In Europe as in many other labor markets, there are labor laws that you need to know before going to work to avoid losing rights or violating European labor laws, ...
What do you need to remember about European labor laws?
1. Time for foreigners to start a labor contract
Foreigners can be hired to work when they have a work permit and a work permit. Without these documents, a legal labor contract cannot be signed.
Under the Labor Law, labor relations start from the date of contract performance. If the employee does not start working on the agreed date but fails to provide a satisfactory reason, the employer has the right to cancel the contract. Before reaching the agreement of the labor contract, the employer is responsible for informing the employee about the rights and obligations arising when signing the contract as well as the work plan and pay. If it is a foreign worker, this issue must be agreed in advance or as soon as there is an offer to work (or before signing a labor contract), this is necessary to report to the Office of Employment Transaction. as the State when applying for a work permit. In some cases, workers must go through a health check and the employer is responsible for this.

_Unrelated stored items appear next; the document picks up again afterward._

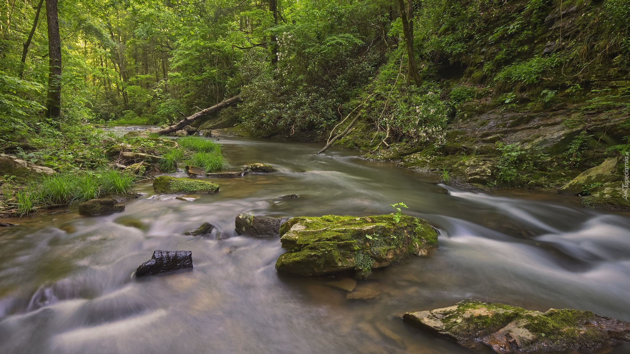 Edytor tapety: Omszałe kamienie w rwącej leśnej rzece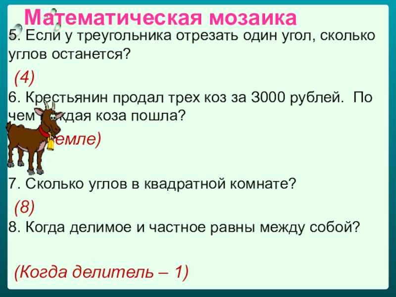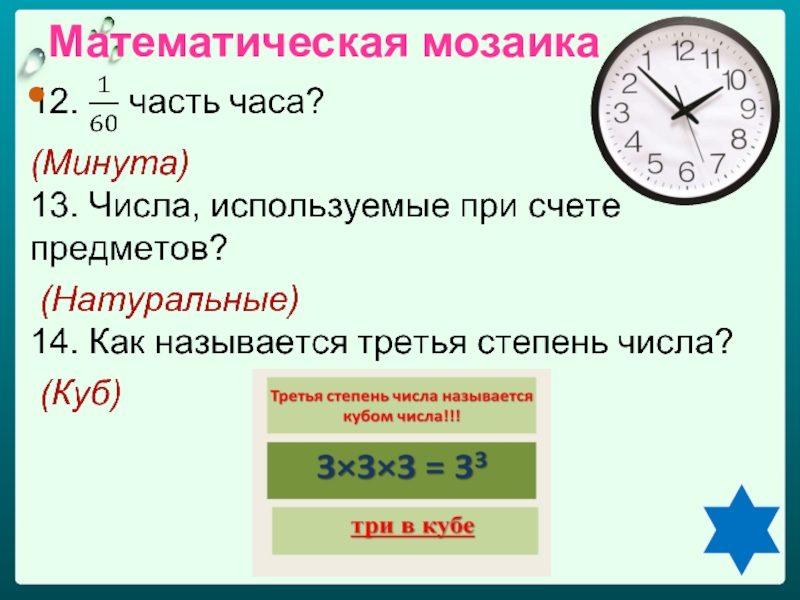 Выбрав раздел математики, в котором он ориентируется лучше всего, отвечает на вопросы из этого раздела ровно одну минуту.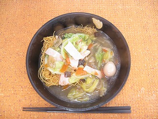 昼メシのあんかけかたやきそば。 カセットコンロを使って、 ボート上でアツアツのお昼がいただけるのだ。 |
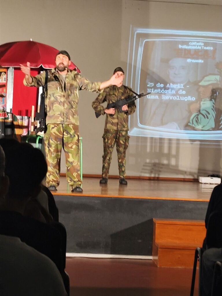 No âmbito das comemorações dos 52 anos da Revolução de Abril, o grupo de História organizou, no dia 20 de abril, uma sessão no Polivalente onde todas as turmas do 9.º ano assistiram à peça “25 de Abril – História de uma Revolução”.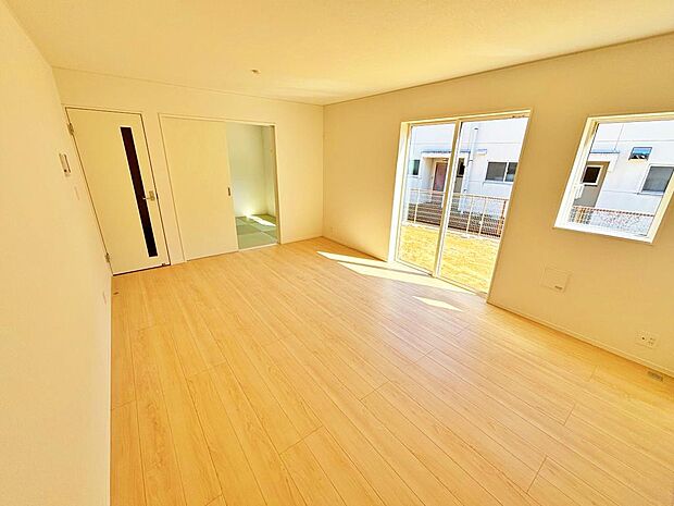 家族が集まるLDKは少しでも広く快適に♪リビング・ダイニングが見渡せるフラットキッチン♪三面鏡にハンドシャワー付き◎使いやすい洗面台♪節水型トイレで家計に優しい♪耐震等級3取得の地震に強い家◎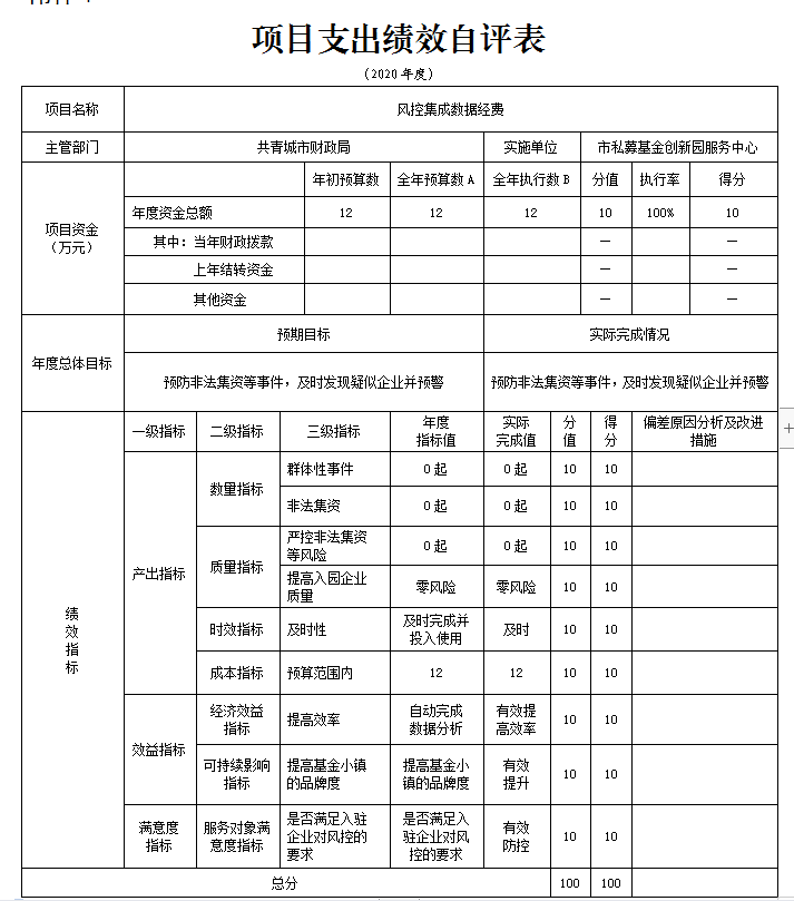 风控集成数据经费项目绩效自评综述:根据年初设定的绩效目标,风控集成数据经费项目绩效自评得分为100分。项目全年预算数为12万元,执行数为12万元,完成预算的100%。项目绩效目标完成情况:一是严控非法集资风险,预防非法集资等事件;二是及时发现疑似企业并预警,提高入园企业质量。发现的问题及原因:个别绩效指标仍需要进一步细化,预算编制需要更加科学、及时。下一步改进措施:加强本单位财务人员的培训工作,完善相关财务管理制度,强化内部控制机制,提升对资金预算的监督管理,提高单位整体和项目专项的监督,明确下一年度工作计划,对下一年度预算资金进行合理编算安排,使得预算编制符合工作计划,同时尽量减少资金未全面执行的情况,如有纰漏及时向上级主管部门反映执行情况,确保预算资金的及时到账和准时完成。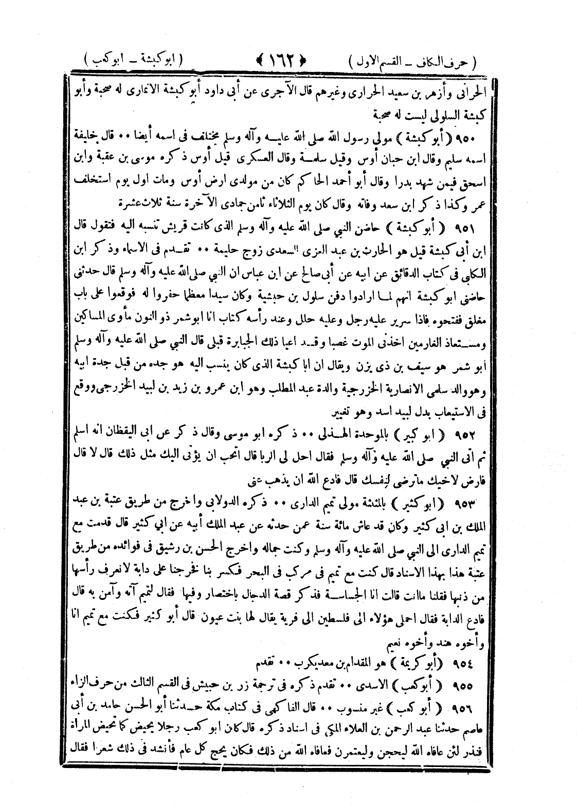 <162> الحبراني وأزهر بن سعيد الحرازي وغيرهم قال الآجري عن أبي داود أبو كبشة الأنماري له صحبة وأبو كبشة البلوي ليست له صحبة أبو كبشة مولى رسول الله صلى الله عليه وسلم مختلف في اسمه أيضا قال خليفة اسمه سليم وقال بن حبان أوس وقيل سلمة وقال العسكري قيل أوس ذكره موسى بن عقبة وابن إسحاق فيمن شهد بدرا وقال أبو أحمد الحاكم كان من مولدي أرض أوس ومات أول يوم استخلف عمر وكذا ذكر بن سعد وفاته وقال كان يوم الثلاثاء من جمادى الآخرة سنة ثلاث عشرة أبو كبشة حاضن النبي صلى الله عليه وسلم الذي كانت قريش تنسبه اليه فتقول قال بن أبي كبشة قيل هو الحارث بن عبد العزي السعدي زوج حليمة تقدم في الأسماء وذكر بن الكلبي في كتاب الدقائق عن أبيه عن أبي صالح عن بن عباس أن النبي صلى الله عليه وسلم قال حدثني حاضني أبو كبشة أنهم لما أرادوا دفن سلول بن حبشية وكان سيدا معظما حفروا له فوقعوا على باب مغلق ففتحوه فإذا سرير عليه رجل وعليه حلل وعند رأسه كتاب أنا أبو شمر ذو النون مأوى المساكين ومستعاذ الغارمين أخذني الموت غصبا وقد أعيا ذلك الجبابرة قبلي قال النبي صلى الله عليه وسلم وأبو شمر هو سيف بن ذي يزن ويقال إن أبا كبشة الذي كان ينسب إليه هو جده من قبل جدة أبيه وهو والد سلمى الأنصارية الخزرجية والدة عبد المطلب وهو بن عمرو بن زيد بن لبيد الخزرجي ووقع في الاستيعاب بدل لبيد أسد وهو تغيير أبو كبير بالموحدة الهذلي ذكره أبو موسى وقال ذكر عن أبي اليقظان أنه أسلم ثم أتى النبي صلى الله عليه وسلم فقال أحل لي الزنا قال أتحب أن يؤتى إليك مثل ذلك قال لا قال فارض لأخيك ما ترضى لنفسك قال فادع الله أن يذهبه عني أبو كثير بالمثلثة مولى تميم الداري ذكره الدولابي وأخرج من طريق عتبة بن عبد الملك بن أبي كثير وكان قد عاش مائة سنة عمن حدثه عن عبد الملك أبيه عن أبي كثير قال قدمت مع تميم الداري الى النبي صلى الله عليه وسلم وكنت حمالا له وأخرج الحسن بن رشيق في فوائده من طريق عتبة هذا بهذا الإسناد قال كنت مع تميم في مركب البحر فكسر بنا فخرجنا على دابة لا نعرف رأسها من ذنبها فقلنا ما أنت قالت أنا الجساسة فذكر قصة الدجال باختصار وفيها فقال لتميم ائته وآمن به قال فادع الدابة فقال احملي هؤلاء إلى فلسطين إلى قرية يقال لها بيت عينون قال أبو كثير فكنت مع تميم أنا وأخو هند وأخوه نعيم أبو كريمة هو المقدام بن معد يكرب تقدم أبو كعب الأسدي تقدم ذكره في ترجمة زر بن حبيش في القسم الثالث من حرف الزاي أبو كعب غير منسوب قال الفاكهي في كتاب مكة حدثنا أبو الحسن حامد بن أبي عاصم حدثنا عبد الرحمن بن العلاء المكي في إسناد ذكره قال كان أبو كعب رجلا يحيض كما تحيض المرأة فنذر لئن عافاه الله ليحجن وليعتمرن فعافاه الله من ذلك فكان يحج كل عام فأنشد في ذلك شعرا فقال §
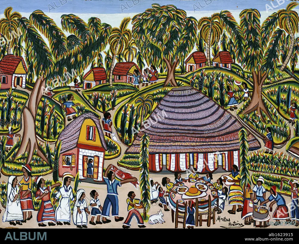 Caption: Communion Celebration by Montas Antoine, oil on board, Private Collection

From the first day of implementing the labor contract, the employer must be responsible for:
- Inform workers about working regulations at the employers' request and in accordance with other laws and regulations to ensure safety and health while working as well as agreements collective labor and rules. These notices must be communicated to workers in a language they can understand, preferably in their native language. The law does not provide a written or oral form of notification
- Assign work to employees as agreed in the contract.
- Paying wages on time and on time as agreed.
- Create conditions for employees to complete their work well.
- Respect the provisions prescribed by law, collective labor agreements and labor contracts.
From the start of the work, the employee is responsible for following the instructions of the employer, fulfilling the work commitments in the contract, performing the right working time, labor discipline as well as regulations on occupational health and safety at work
2. Terms of the labor contract and the signing of a labor contract
The main contents of the labor contract stipulated in the Labor Law include:
- Type of work that the employee receives to work (must be consistent with the type of registration in the work permit),
- Work place (city, town and organizational unit or specific workplace) must be in accordance with the place registered in the work permit issued by the Office of State Employment Transaction,
- Start date of work,
- Basic rights and obligations arising in labor relations,
- Other terms for the contracting parties such as probationary period (maximum of 3 months), for foreigners, the contract must include additional terms on contract extension time ( if)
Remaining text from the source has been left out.